When summarizing a location in a distribution, we can take the mean into account by simply calculating $x-\mu$. We can take the standard deviation into account by calculating a Z score $(x-\mu)/\sigma$. Is there a typical way to take higher moments into account?

Thomas Johnson
  • 741
  • 5
  • 14
  • I do not understand what you mean by "take into account". Given $\mu$ and $\sigma$, when you specify $z = (x-\mu)/\sigma$ you *uniquely determine $x = \sigma z + \mu$*. What more do you want? – whuber Dec 12 '14 at 16:16
  • @whuber That's true, and you construct a similar expression given just $\mu$. But standardizing by calculating Z is often more useful that just using $\mu$. So my question is, is there an expression that standardizes not just by the standard deviation, but also by the skewness?
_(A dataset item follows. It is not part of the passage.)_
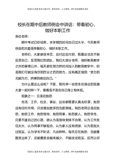 校长在期中后教师例会中讲话:带着初心,做好本职工作.doc

Is there an expression that standardizes by the skewnews and kurtosis? Etc. – Thomas Johnson Dec 12 '14 at 16:26
  • 1
    Sure: you can standardize by any two statistics that locate the distribution and provide a scale for it. (Although the skewness will not work--it tells you nothing at all about the scale--the cube root of the absolute third central moment will.) The possibilities are infinite. What you need to tell us is the *why* of your question: what is the purpose of doing this? That would give us information to recommend choices of those statistics. – whuber Dec 12 '14 at 18:11
  • It's largely an exercise in feature engineering. I'm trying to create useful features for a classifier. I'm hoping to provide more information summarizing the location of the point in a (highly non-normal) empirical distribution, without overwhelming the classifier by providing tons of high-noise features. – Thomas Johnson Dec 12 '14 at 18:40
  • You won't do it this way! I think you would be better served by asking the question you really have in mind, rather than proposing something that will not help you at all and asking for commentary on it. – whuber Dec 12 '14 at 19:47
  • @whuber Why do you say it won't help me at all? – Thomas Johnson Dec 13 '14 at 00:10
  • If you are creating features according to values of the probability density (or estimates thereof), the moments tell you extremely little, as explained at http://stats.stackexchange.com/a/84213. – whuber Dec 13 '14 at 00:22
  • @whuber Thanks, that question is very helpful! I'm still intellectually interested in this question – Thomas Johnson Dec 13 '14 at 20:52

1 Answers1

3

I am not aware of such expressions containing higher moments. However, if your aim is to summarize by a single number how $x$ relates to the distribution, taking into account the shape of the distribution beyond mean and variance, I suggest reporting the Cumulative distribution function, that is, the probability \begin{equation} P(X \leq x) \end{equation} where $X$ is a random variable following your distribution.

Juho Kokkala
  • 7,463
  • 4
  • 27
  • 46